In this mode, clinicians become less central to the therapy, but not irrelevant. They must select the right films. Furthermore, the film viewing is followed by clinician-structured, thoughtful discussions of the material, so that the viewer engages with the film.
I am so convinced that targeted film viewing accelerates positive therapy outcomes that I draft a quick review of any film I come across. I catalogue these reviews online; clients can access the reviews and I reduce the likelihood that I will overlook or forget a film that could be beneficial.

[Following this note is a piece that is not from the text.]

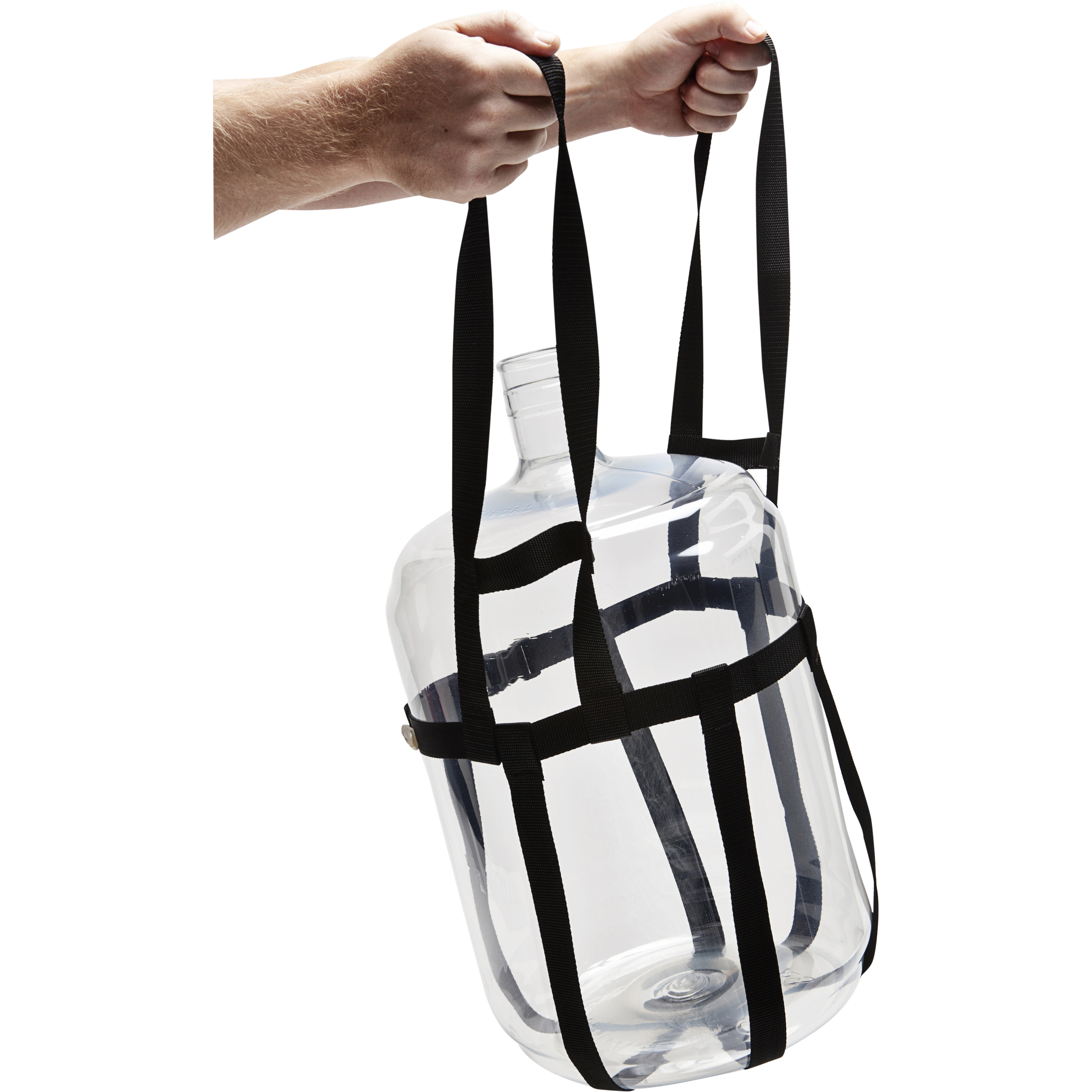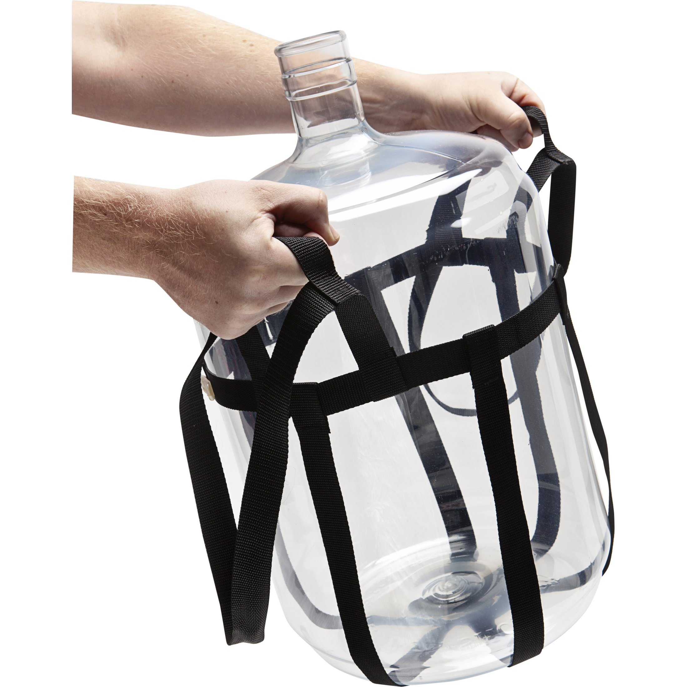 Use the Carboy Carrier to move your Fermonster or Plastic Carboy around with ease. The harness and strap handles are made from heavy-duty polypropylene, enabling you to haul up to 100 lbs of your wine without the risk of loosing your grip. Cradle your carboy with confidence and avoid spilling! The carrier comes with handles in two different positions for added convenience. Short handles for lifting and long handles for moving. The long handles are especially handy when lifting your carboy out of a top-loading fermentation locker.

Films must be chosen with caution so that clients are not re-traumatised or over-stimulated. For example, the film "When a Man Loves a Woman" has helped some of my clients through substance abuse recovery, but a film as violent as "Leaving Las Vegas" could be too unsettling and might even trigger a relapse. Similarly, the film "Take This Waltz" can help someone navigate an attraction to someone other than their spouse. However, it is unwise for them to watch this film if their spouse is around, as the result could be explosive.
Although there are few studies on my particular brand of movie therapy, recent research suggests that films can play an important role in treatment.
A 2013 University of Rochester study asked couples to watch the 1967 film "Two for the Road," about a husband and wife reflecting on the high and low points in their marriage. Afterward, study participants engaged in an hour-long, clinically guided conversation on marital themes such as conflict, stress and forgiveness. They were then sent home with a list of 47 films and instructed to watch one film together each week. They also were given discussion questions.
Three years later, couples with no intervention had a divorce rate at 24 percent. Couples who had watched the films had an 11 percent divorce rate.
"A movie is a non-threatening way to get the conversation started," lead researcher Ronald D. Rogge told the New York Times. "It's really exciting because it makes it so much easier to reach out to couples and help them strengthen their relationships on a wide scale."
In another 2104 study, researchers had patients hospitalised for mental health issues watch clinically relevant films. For example, patients with schizophrenia viewed the film "A Beautiful Mind."
The study found that "movies can be an important, positive and productive means of treatment. . . The movies served as extended metaphors in the therapy sessions. They thus helped to create a better understanding and to promote different ways of expressing thoughts. It seemed that the movies represented a mirror reflecting the inner world of the patients."
LaMotte is a therapist and the founder of the DC Counseling and Psychotherapy Center in Washington.